When it comes to maintaining a steady cash flow and keeping your store’s inventory fresh, retail markdowns are an essential tool. By strategically lowering prices, you can move slow-moving stock, stay competitive, and meet customer expectations while still achieving your revenue goals.
Here’s everything you need to know about markdowns — what they are, when to use them, and how to get the most out of them for your store.
What Are Retail Markdowns?
Simply put, a markdown is a price reduction applied to a product to accelerate its sale. Unlike discounts offered during promotions or for special groups like seniors, markdowns are direct and unconditional reductions that may either be temporary or permanent.
For example, a grocery store may lower the price of perishable items that are about to expire, or a clothing store might mark down winter coats at the end of the season to clear out inventory.
Different Types of Retail Markdowns
Retailers use various types of markdowns, depending on the situation and their goals. Here are the most common approaches:
1. Temporary Markdowns:
These are short-term price reductions designed to create urgency and boost sales in a short time. Examples include weekend sales, buy-one-get-one (BOGO) deals, or limited-time coupons. For instance, a convenience store might offer a Friday-only discount on energy drinks to drive foot traffic.
2. Competitive Markdowns:
If your competitors are offering similar products at a lower price, you risk losing customers. Price matching or temporarily lowering your prices can help retain business. Tobacco shops, for example, may temporarily discount popular cigar brands when a nearby store drops its prices to stay competitive.
3. Permanent Markdowns:
These markdowns are used for clearance or to sell off discontinued items. If certain products are not selling well or are taking up too much shelf space, a permanent markdown can help move them quickly. Grocers may use this strategy to clear out products that are nearing their expiration dates.
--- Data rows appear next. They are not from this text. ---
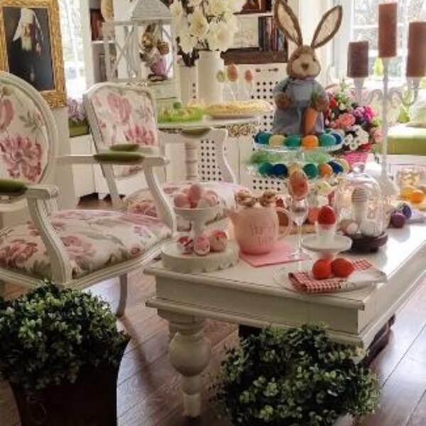Čajnik roze boje, veliki zec na postolju, belo-roze jaja, čuvarkuća i stakleni poklopac izgledaju kao iz snova
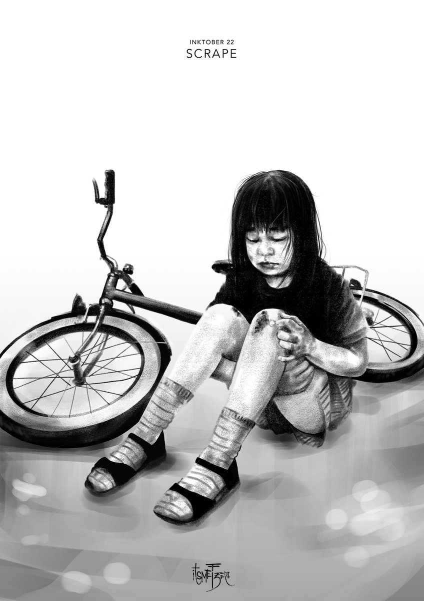 INKTOBER 2022 𝗗𝗔𝗬 𝟭𝟴: SCRAPE #inktoberday17 #Inktober #inktober2022 #ouch #scrape #littlegirl #ouchy
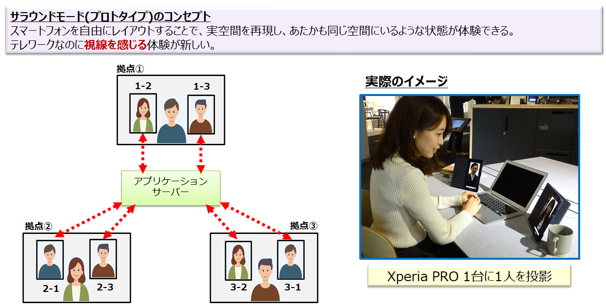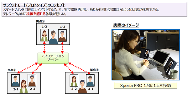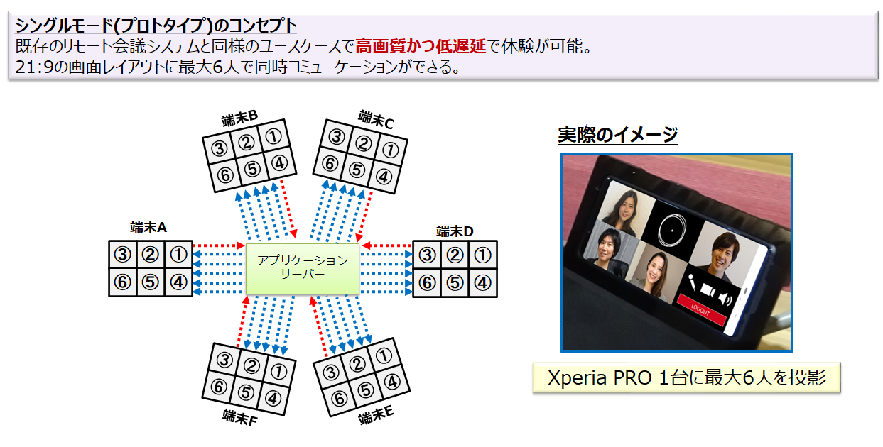 「ANYBODY ANYWHERE(仮称)」には、コミュニケーションの状況に応じて使い分けられる多様なモードが搭載されています。「Xperia PRO」をサブスクリーンおよびローカルセンシングカメラとして活用することで、相手の視線を感じ取ることができる「サラウンドモード」、「Xperia PRO」のアスペクト比21:9、約6.5インチの4K HDR対応有機ELディスプレイの画面を活用し、最大6名を一画面に表示する「シングルモード」、相手がスタンバイ状態にあることをさりげなく伝える「アンビエントモード」など、映像を投影するだけではなく、相手と同じ場所にいるかのような感覚を伝えることを目指しています。
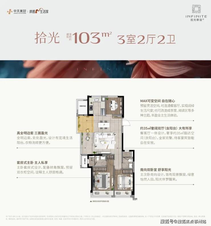 建面约103㎡的边套 更是堪称神迹,将小户型的空间魔法玩到了极致。 客厅到阳台的地面 、 天花直接拉通 , 甚至两侧的墙垛都已隐身 , 整个餐客厅面积达到约35㎡ (含阳台),这可是140㎡以上大宅才有的空间感!
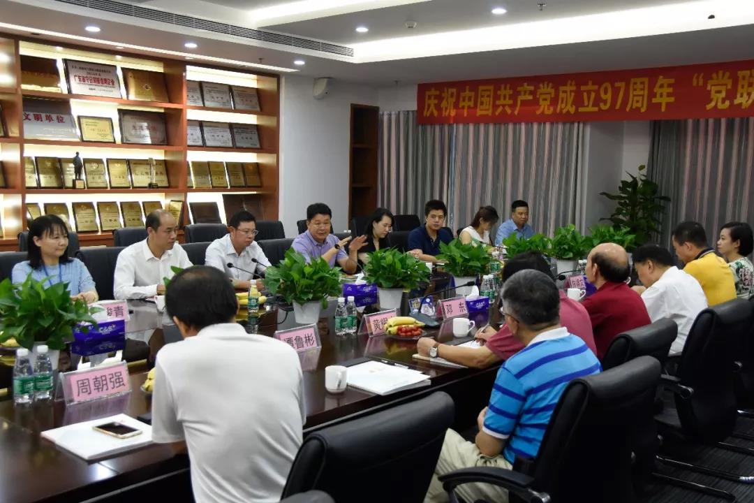 6月29日下午,深圳市潮汕商会党委与工勘集团党委联合举办的庆祝中国共产党成立97周年“党联企,讲五爱”交流座谈会在工勘大厦15楼会议室召开。深圳市潮汕商会党委书记邓东、党委副书记兼纪委书记姚欣强,党委副书记陈镇文、党委办公室主任黄耀光、党委委员谭鲁彬、纪委委员周朝强、党支部书记陈媛、党委副书记洪丽珠及商会党支部、办公室党员同志,工勘集团原党委书记林强有、党委书记雷斌、党委副书记李红波、群工委员杨峻青、纪律检查委员会委员潘启钊及企业规划部副经理周文辉、综合管理部主任罗高军等领导参与了本次交流活动。会议由工勘集团党委书记雷斌主持。
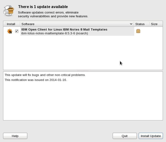 Created attachment 92509 [details] [review] attachment-14151-0.html Hi Richard It's only when I try to install this update (screen dump) I get the error. Med venlig hilsen/Best regards Lars Møller Nielsen ____________________________________________ IT Specialist - Security IBM Denmark ApS Olof Palmes Allé 44, DK-8200 Århus N. Mobile: +45-41203824 e-mail: lmn@dk.ibm.com From: bugzilla-daemon@freedesktop.org To: Lars Moller Nielsen/Denmark/IBM@IBMDK, Date: 21.01.2014 10:18 Subject: [Bug 73867] Update of Linux failed Comment # 3 on bug 73867 from Richard Hughes Do you get the same error if you disable the ibm-check-lotus-updates plugin? You are receiving this mail because: You reported the bug. Medmindre andet er angivet ovenfor: / Unless Otherwise Stated Above: IBM Danmark ApS Nymøllevej 91 2800 Kongens Lyngby, Danmark CVR nr.: 65305216
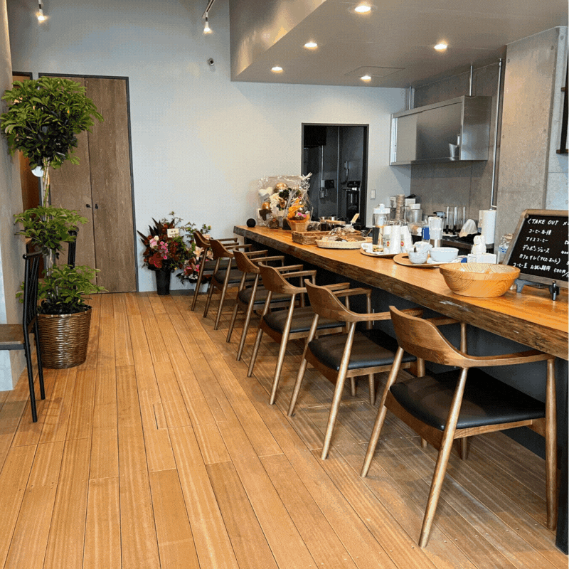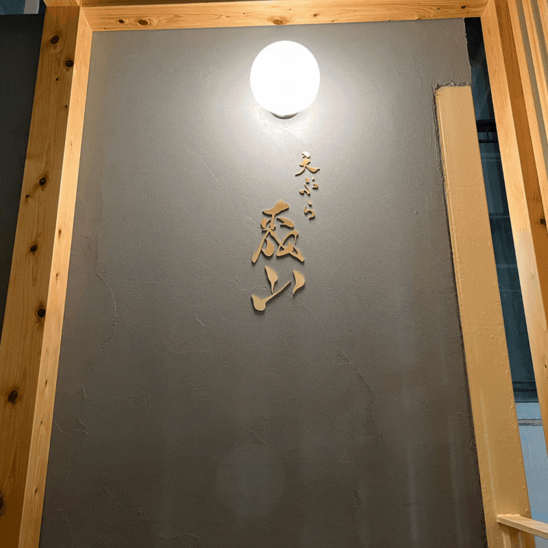 モルタル調の壁面に真鍮のサイン和の雰囲気と高級感を出す
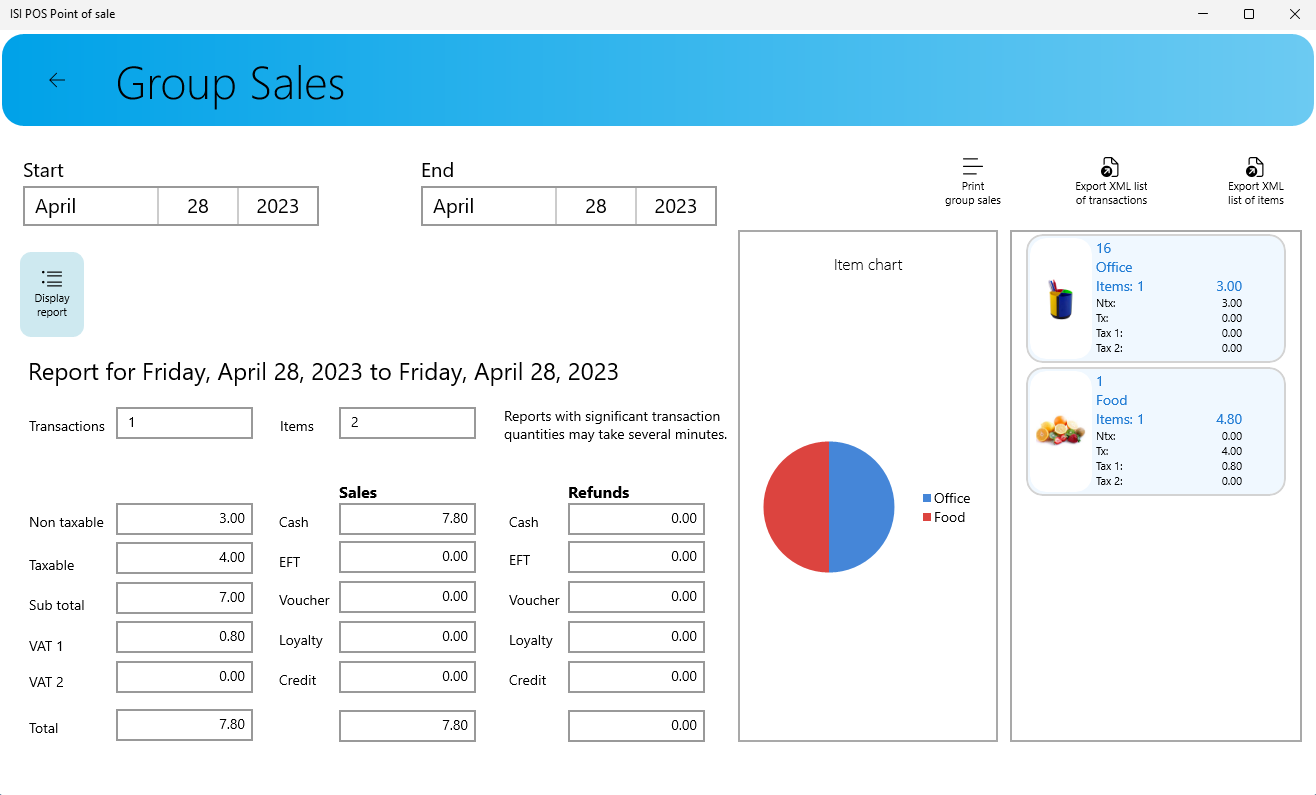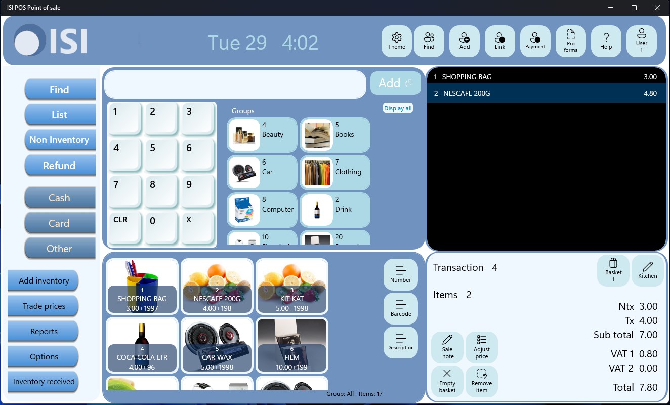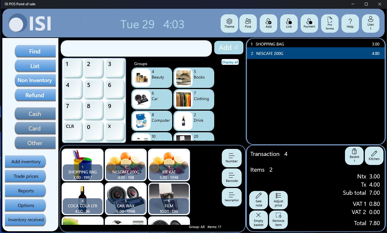 Sales summaries and comprehensive logs of all transactions and tax details can be viewed and exported to file (XML).Incorporates Buy one get one free and Buy two get one free facilitiesBarcode scanner and pole display supportRestaurant table and kitchen print optionTailored printouts for both inventory and customers via easy to follow check boxesNon inventory sale facility for items not in the databaseTrade price toggle optionImport information quickly and easily from an existing database (XML file).Built in customer database with access to current balancesPro forma invoicesReorder and out of stock reportsSeveral color themes available
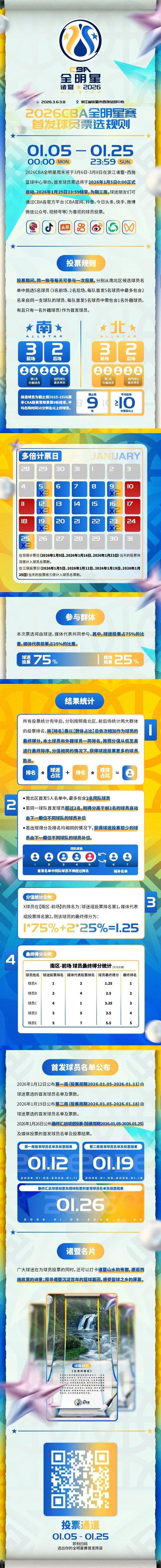 CBA全明星周末 投票进行时!2026年CBA全明星赛首发阵容投票火热进行中!这是属于所有球迷的舞台,为咱们的兄弟投上宝贵一票!无论是前场强攻还是后场组织,把你最支持的球员选进首发

How to Calculate Markdown Pricing
To ensure you don’t unintentionally hurt your margins, it’s crucial to calculate markdowns carefully. Here’s a simple formula to determine your markdown percentage:
(Original Price – Sale Price) ÷ Original Price × 100 = Markdown Percentage
For example, if you reduce the price of a six-pack of sparkling water from $12 to $9, the markdown is 25%.
Next, you need to account for your cost of goods sold (COGS) — the price you paid for the product. If your COGS is $7.50, then even with the markdown, you still make a $1.50 profit per unit. However, if the sale price drops below your COGS, you’ll be losing money. While it might be acceptable to take a loss on unsellable stock, be careful not to make it a regular practice.
Your POS (point of sale) system can help you make these calculations and ensure you’re making informed decisions. By accessing real-time sales data and margins, you can set markdowns that protect your profitability.
Tips for an Effective Markdown Strategy
To make the most of markdowns, follow these best practices:
1. Leverage Data for Decision-Making
Your POS system can provide valuable insights into which products are slow-moving and which items are in high demand. If an item hasn’t sold in weeks, it may be time for a markdown. Use data on inventory aging and sales velocity to inform your decisions.
2. Mark Down at the Right Time
Timing is everything when it comes to markdowns. Misjudging when to apply a discount can result in lost sales. For example, grocery stores often reduce prices on fresh produce in the evening to clear out stock before closing, while liquor stores typically mark down holiday stock after the rush to make room for new inventory.
3. Keep Customers on Their Toes
If customers begin to notice a regular markdown pattern, they may start waiting for discounts before making purchases. Keep your markdown schedule unpredictable to maintain interest and encourage full-price sales. Rotate markdown items and avoid announcing discounts too far in advance.
4. Experiment with Pricing Psychology
Small tweaks to how prices are presented can make a big difference in consumer behavior. For example, pricing an item at $9.99 instead of $10 can make it seem like a better deal. Show the original price next to the sale price to highlight the discount and consider using bundle deals like “3 for $5” to increase sales volume.
5. Tailor Your Markdowns to Specific Locations
If you operate multiple stores or sell both in-store and online, consider applying different markdown strategies depending on the location. For example, if a certain product sells better in one store than another, you can offer a discount in the low-performing store without affecting the other locations.
How Your POS System Can Enhance Markdown Strategy
To successfully implement markdowns, your POS system is your best ally. With access to data on inventory turnover, sales trends, and profit margins, you can make smarter pricing decisions. Here’s how your POS system can help:
- Track which items are moving and which are not
- Set up alerts for slow-moving or aging inventory
- Analyze the impact of markdowns on sales and margins
- Run reports to review past markdown performance and refine your strategy
By using your POS system to make informed, data-driven markdown decisions, you can ensure that you’re not just cutting prices but doing so strategically to improve your bottom line.
Conclusion
Retail markdowns are a powerful tool for clearing inventory, responding to market conditions, and driving customer engagement. When used effectively, they can improve cash flow, keep your shelves stocked with fresh items, and help you stay competitive. By leveraging data, timing markdowns correctly, and using your POS system to guide decisions, you can create a markdown strategy that works for your store and your customers.